1. Random challenges sampled by the validator ${\gamma }_1,{\gamma }_2,{\gamma }_3$,
2. Single-point polynomial evaluations to check $t({\gamma }_1)=Q({\gamma }_1)Z({\gamma }_1),f_1({\gamma }_2)=Q_1({\gamma }_2)Z_1({\gamma }_2),f_2({\gamma }_3)=Q_2({\gamma }_3)Z_1({\gamma }_3)$.

This lowers the verification cost from a full polynomial multiplication ($O(d^2)$) to an $O(d)$ evaluation, making verification more succinct.

Protocol Flow

1. Compute Fibonacci & Circuit Polynomials

   • (Prover) Generates $F_4^2$ by building the full circuit table.
   • (Prover) Encodes the circuit columns as polynomials $a(x),b(x),c(x)$.

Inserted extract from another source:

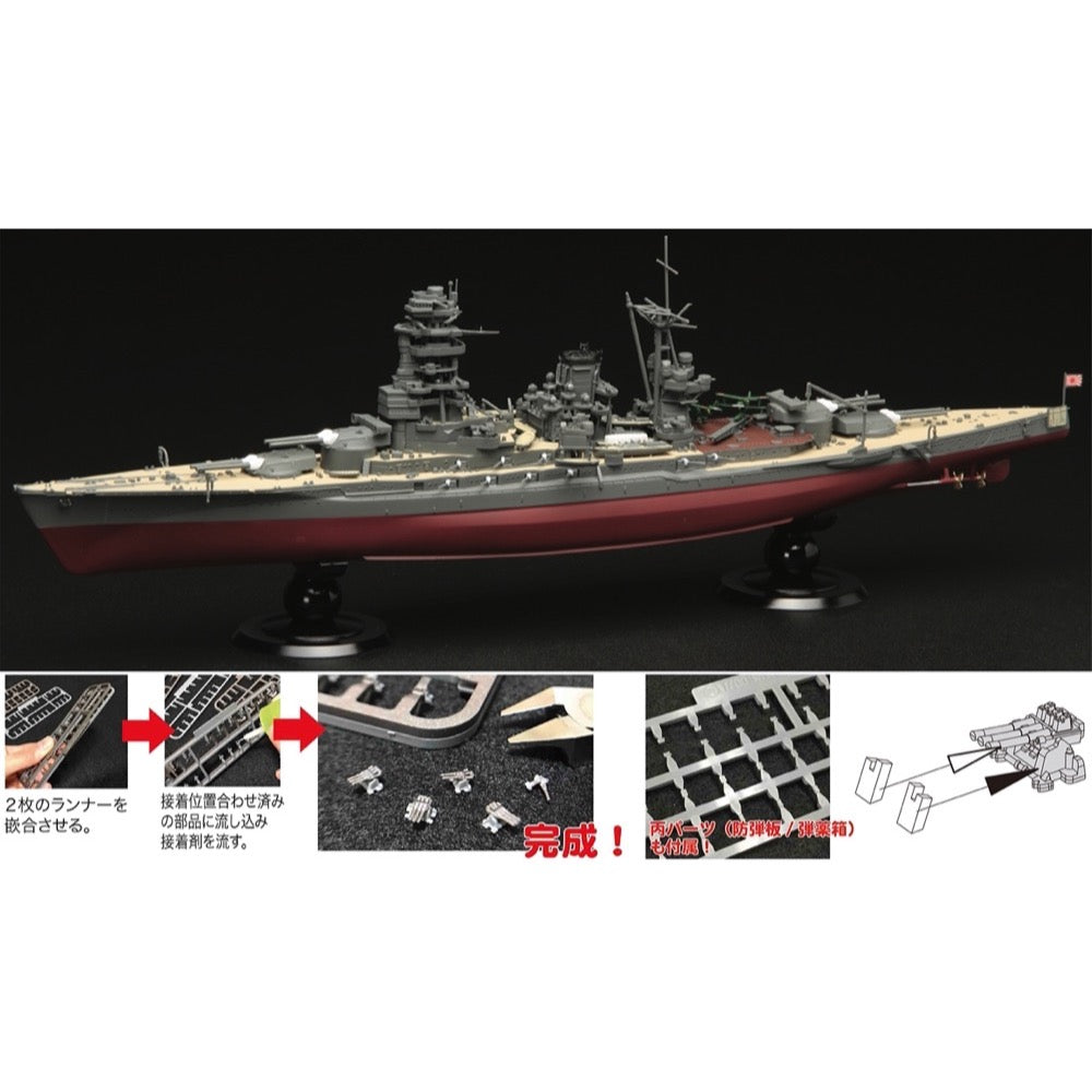 This model kit of the Japanese Navy battleship Nagato is a full-hull version, and reproduces her appearance at the beginning of the Pacific War.

2. Compute Constraint Polynomials

   • (Prover) Defines $t(x)=qL(x)\cdot a(x)+qR(x)\cdot b(x)+qM(x)\cdot (a(x)\cdot b(x))-c(x)$ and finds $Q(x)$ such that $t(x)=Q(x)\cdot Z(x)$.
   • (Prover) Similarly, for the recursive constraints: $f_1(x)=a(x+1)-b(x),$$f_2(x)=b(x+1)-c(x),$ with quotient polynomials $Q_1(x),Q_2(x)$ satisfying $f_1(x)=Q_1(x)\cdot Z_1(x)$ and $f_2(x)=Q_2(x)\cdot Z_1(x)$.

3. Send Polynomials

   • (Prover) Sends $a(x),b(x),c(x),Q(x),Q_1(x),Q_2(x)$ to the validator.

4. Verification (Random Challenge & Single-Point Check)

   • (Validator) Samples random values ${\gamma }_1,{\gamma }_2,{\gamma }_3\in {\mathbb{F}}_p$.

   • (Valdiator) Computes on its own: $t({\gamma }_1),f_1({\gamma }_2),f_2({\gamma }_3)$

   • (Validator) Checks:

     $$t({\gamma }_1)\stackrel{?}{=}Q({\gamma }_1)Z({\gamma }_1),f_1({\gamma }_2)\stackrel{?}{=}{Q}_1({\gamma }_2)Z_1({\gamma }_2),f_2({\gamma }_3)\stackrel{?}{=}{Q}_2({\gamma }_3)Z_1({\gamma }_3).$$

   • By the Schwartz–Zippel Lemma, if $t(x)\ne Q(x)Z(x)$ (etc.) the probability it also coincides at a random $\gamma$ is at most $\frac{d}{p}$.

5. Accept or Reject

   • (Validator) If all checks pass, the proof is accepted; otherwise, it is rejected.

Diagram of Protocol

Below is a simplified diagram illustrating these steps:

With this approach, the validator does a constant amount of final checks (polynomial evaluations), regardless of the polynomial degree $d$, achieving succinct verification.